Can You Trust Your Operating System’s Privacy Settings?

Photo by Thomas Windisch on

Today we are going to be taking a deep dive into your Operating System’s privacy. Piggybacking off my episode last week, I want to explore different popular operating systems consumers own and see which one protects your privacy the most.  Maybe it is time that you change up your computer. 

Continuing with our theme of privacy, I wanted to take a deeper look at how our operating systems are protecting our privacy.  I had heard a lot of things about Windows 10 spying on their users.  For this episode, I’m going to stick to discussing just computer operating systems.  In a future episode, I’ll compare iOS with Android.  We spend a lot of time on our phones, and I think it’s worth going deeper and discussing how our phones track our every move.

The three main operating systems I’m going to be discussing today are: Windows 10, Mac OS and Ubuntu.  The first two are pretty well known, but the third one is one of the more popular Linux distributions that most people use.  Similar to my last episode, I’ll be reviewing privacy settings and policies that each operating system has.  You might be surprised with what I find.  I haven’t done the research yet, so I’m expecting my research to confirm my suspicions.  I predict that Windows 10 will be the worst operating system in terms of protecting your privacy.  I predict Ubuntu to be the one that protects your privacy the most.  Let’s see if I’m right.

Windows 10: 

Let’s start with the most popular operating system of them all.  Windows 10.  Microsoft started doing a very interesting thing with Windows 10.  If you’ve been around computers for a while, then you probably remember service packs.  It would take years to develop an operating system and every once in a while, you’d download a massive update.  These updates were far and few.  With Windows 10, Microsoft releases an update twice a year now.  Usually in the form of a Spring and Fall update.  With each update, Microsoft revises their privacy policies and opt users back into configurations that they have had changed before.  Windows 10 comes with an advertising ID.  You can turn this ID off if you do not want to receive personalized ads.  Windows 10 is also consistently sending data back to Microsoft so that they can improve your Windows experience.  If you are jumping between multiple Windows 10 computers that you own, Microsoft has something called activity history that allows you to switch computers and pick up where you left off.  A great convenience feature that comes with a significant cost to your privacy.  If you have a laptop, you can bet that Microsoft is tracking your location as well.  Windows 10 also has access to your camera and microphone.   This means that Microsoft can potentially hear and see you.  As you can see, Microsoft does a lot of tracking.  There is a privacy setting that allows you to toggle all these settings, but I’ve heard that Microsoft has the tendency of reverting these values back to their default (opt-in) values every time you update.  I personally haven’t seen this happen, but I’m going to keep an eye out for future updates.
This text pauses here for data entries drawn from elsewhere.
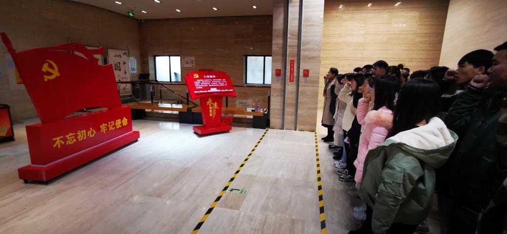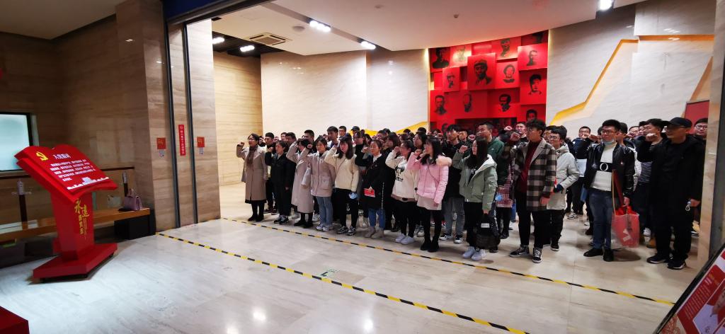 参观结束后,全体人员在纪念馆大厅面向党旗,高举右拳,跟随党委副书记武军莉庄严宣誓,重温入党誓词,再次对加入党组织作了郑重的承诺。
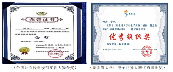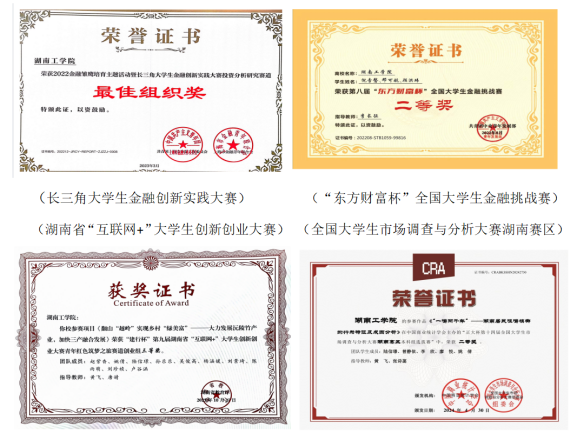本专业学生获大学生创新创业竞赛国家银奖1项,省级一等奖1项,省级二等奖2项、三等奖6项,承担创新创业训练计划项目10余项,获湖南省大学生企业模拟经营竞赛一、二、三等奖共7项,全国大学生“新道杯”沙盘模拟经营大赛二等奖1项,湖南省大学生电子商务大赛一、二、三等奖20余项,全国金融与证券投资模拟实训大赛一、二、三等奖30余项,“挑战杯”创业计划大赛省级银奖、铜奖各1项。
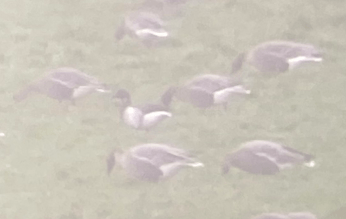 There’s something about a large flock of Pinkfeet that makes me feel there has to be a waif and stray in the group. Despite that I was just about to admit defeat and get back to work after several sweeps when I picked up an adult Pale-bellied Brent. Once I had seen it I couldn’t understand how I had missed it previously. The pictures are grotty due to distance and conditions but nevertheless you can get the impression of the small size and contrasting black and white plumage.

Let’s talk about Mac Os next.

Mac OS:

Apple does things a little differently here.  While Mac OS is tracking you a bit, it does so with a little more finesse.  Location tracking is enabled on your mac, but you have to allow apps to use the data.  Even within the Find My ecosystem, Apple claims that only you can see the location of your personal devices.  This means that Apple and other 3rd party entities can’t see your computer’s location.  Similar to Windows, Apple does collect some data to help improve the overall experience. And that’s about it.  Mac OS isn’t trying to make money off of you and Apple encourages you to use Safari since it will also work to protect your privacy.  Apple has their voice assistant and they do not associate your requests with your identity.  Every request is from a random identifier.  Apple can’t read your iMessages either. It’s all encrypted.  Apple’s newest computers come with an onboard machine learning chip that allows Apple to enhance the user experience without ever having to send data back up to Apple for processing.  Overall, Apple values your privacy a lot.  Let’s see how these two OS’s stack up against the free Ubuntu.


Similar to the other two, Ubuntu collects data from your computer to help improve the overall experience.  Like with the other two, you have the option to opt out of this.  Ubuntu is transparent with what they collect and nothing too personal is ever collected from you.  And that’s it.  Like Apple, Canonical, the makers of Ubuntu, really do care about your privacy.  

There you have it.  Your operating system 101 guide. Which operating system are you currently using? Are you thinking of making a switch based on the information presented?  I know that I use all three operating systems and I’m going to be reviewing my Windows 10 settings to make sure Microsoft stays away from my private data.